Netflix, du hast mein Leben zerstört. Ich liebe dich! | UNVERBLÜMT

YouTube

Mit dem Laden des Videos akzeptieren Sie die Datenschutzerklärung von YouTube.
Mehr erfahren

Video laden

Vor 13 Jahren habe ich mich vom Fernsehen verabschiedet. Zumindest vom Besitz eines technischen Endgeräts. Ich fühlte mich … desillusioniert. Zu wissen, wie der Hase läuft, war zwar cool, aber gleichzeitig raubte es mir diesen unschuldigen Blick, der alles so schön erlebbar gemacht hatte. So, wie zu wissen, welche kalorienbombigen Zutaten in einem Käsekuchen stecken. Keine Chance mehr. Da erkrankst du schon beim Gedanken an ein Stückchen auf der Gabel an Diabetes.

Der Fernseher blieb also bis heute weg. Aber dafür legte ich mir vor zwei Jahren eine sogenannte Unlimited Card fürs Kino an. Kinoflat. Mega gut. Seit drei Monaten zahle ich diese Flatrate allerdings wie einst meine teure Mitgliedschaft im Premium Sport & Spa (Hallo, Neptunbad in Köln) UMSONST. Der Grund? Diese widerlich wunderbare Bequemlichkeit namens Netflix. Bah. Geil. Bah! Ich kann mich nicht entscheiden!

Mein Leben vor Netflix

In meinem Leben bin ich 15 Mal umgezogen. Und 15 Mal sind es unzählige Kartons voller Bücher mit mir. Insgesamt besitze ich mehrere hundert. Jedes einzelne bedacht ausgewählt und lieben gelernt. Ich lese gerne. Mir gefällt am Bücherlesen die Haptik, dass ich zurückblättern und Lieblingsstellen markieren kann. Bücher, die ich gelesen habe, sehen auch so aus: Flecken und Knicke. Ob Kaffee, Erde, Make-up, Eselsohren … all so etwas. Ich bewahre Geschichten in meinen Regalen und auf dem Boden. Aufgebaut zu mehreren Wissens- und Inspirationstürmchen. Jeden Monat lese ich mindestens ein Buch. Meist zwei, wenn ich derart von einem gefesselt bin, dass ich es in jeder freien Sekunde wieder in die Hand nehme. Oder eher gesagt: nahm.

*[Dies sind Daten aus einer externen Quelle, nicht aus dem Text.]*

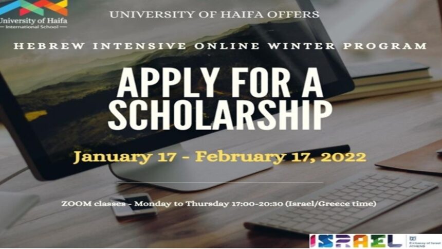 Η Πρεσβεία του Ισραήλ στην Αθήνα ανακοινώνει ότι το Πανεπιστήμιο της Χάιφας οργανώνει εντατικά μαθήματα Εβραϊκών online. Το Πανεπιστήμιο προσφέρει 10 υποτροφίες σε ξένους φοιτητές για μάθημα Ulpan απο 17 Ιανουαρίου έως 17 Φεβρουαρίου 2022.
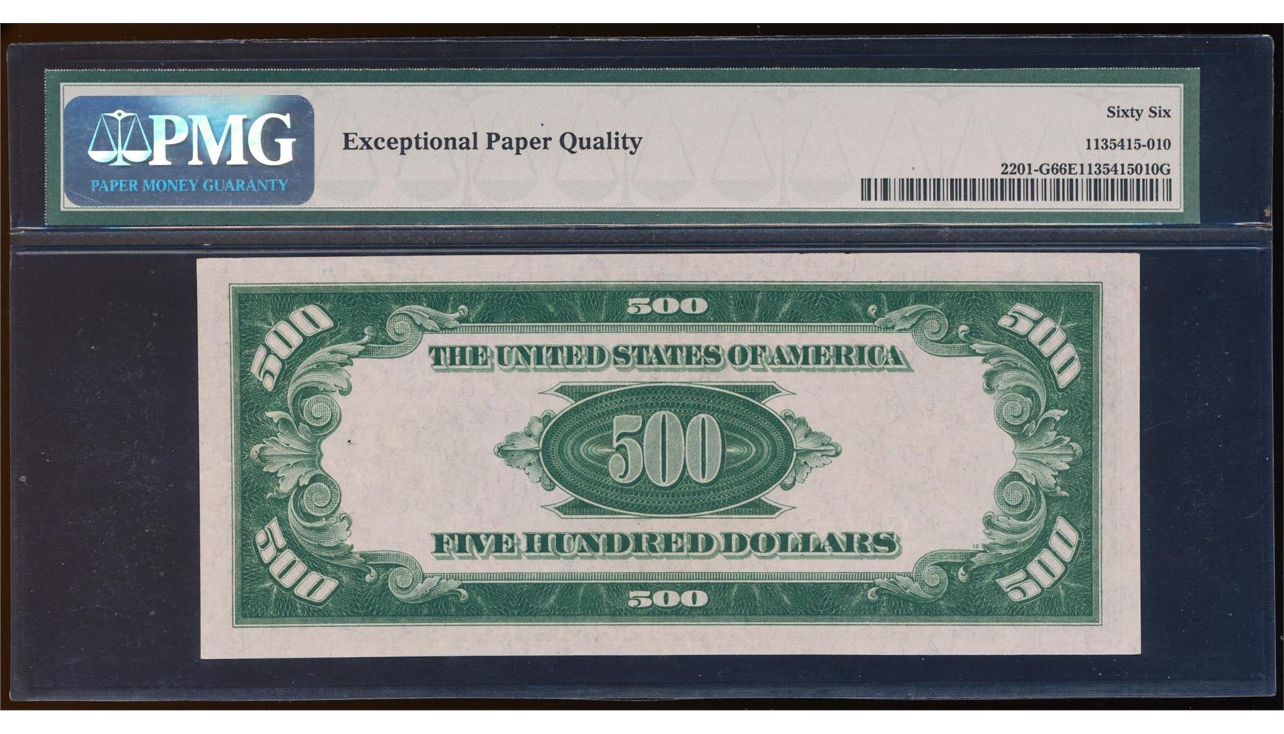 One 1934 $500 Federal Reserve Note Chicago Light Green Seal PMG Gem Uncirculated 66EPQ. PMG Certified.

Bücher sind toll. Sie passen in die Tasche. Man kann sie überall lesen: im Café, in der U-Bahn, auf der Straße, Wiese, Klo, überall! Und dann gab es da noch Menschen. Freunde und Familie. „Gab“. Aber Netflix zwingt mich regelrecht, zu Hause zu bleiben. An kalten, usseligen Tagen ist das etwas Schönes, aber ehrlicherweise kann ich mich nicht wirklich daran  erinnern, wann ich im vergangenen Vierteljahr soziale Kontakte gepflegt habe.

Netflix: der Moment der Erkenntnis

Letzte Woche fiel mein Router aus, und so wurde mein Zuhause in die Steinzeit zurückversetzt. Diese sich in den vergangenen drei Monaten eingeschlichene Routine des Netflixens hatte nicht nur meine Sehgewohnheiten gestört, sondern auch dafür gesorgt, dass ich seit Ewigkeiten keine einzige Seite mehr umgeblättert hatte. Das war mir gar nicht bewusst gewesen. Diese Erkenntnis kam, als ich mich seufzend aufs Sofa warf und nicht wusste, was ich ohne Internet tun sollte. Mein Blick landete auf einem grünen Buchrücken im Regal. Ein Buch, das ich bei Seite 64 zur Seite gelegt hatte, um mein Netflix-Konto einzurichten.

Alter … was hatte ich getan? Ich sag es euch: Lebenszeit auf Netflix verloren. Na klar: Filme sind super, aber mittlerweile geht es fast nur noch um Quantität statt Qualität. Ich gucke einfach, ohne wirklich zu gucken. Ich lasse mich berieseln. Sobald ich nach Hause komme, klappe ich völlig automatisiert meinen Laptop auf und öffne Netflix. Dass ich teilweise Ewigkeiten damit verbringe, zu stöbern, sollte eigentlich schon als Warnzeichen verstanden werden.

20:15 Uhr

Ich vermisse die mit tausenden anderen Menschen geteilte Aufregung, zu einer bestimmten Zeit mit Freunden, der Familie oder alleine vor dem Fernseher zu sitzen. Mit Chips und Limo. In den Unterbrechungen rannte jeder zweite Zuschauer zur Toilette, und die Wasserwerke konnten ganz genau angeben, wann wohl eine Werbepause lief. Man musste sich nach dem Programm richten. Tatsächlich war das auch der Grund, weshalb ich mich nur schwer mit dem Gedanken an Video-on-Demand anfreunden konnte. Wollte ich denn, dass Fernsehen für mich jederzeit abrufbar ist? Und auch jetzt, während ich diese Zeilen tippe, merke ich, wie sich mein Gesicht skeptisch verzieht.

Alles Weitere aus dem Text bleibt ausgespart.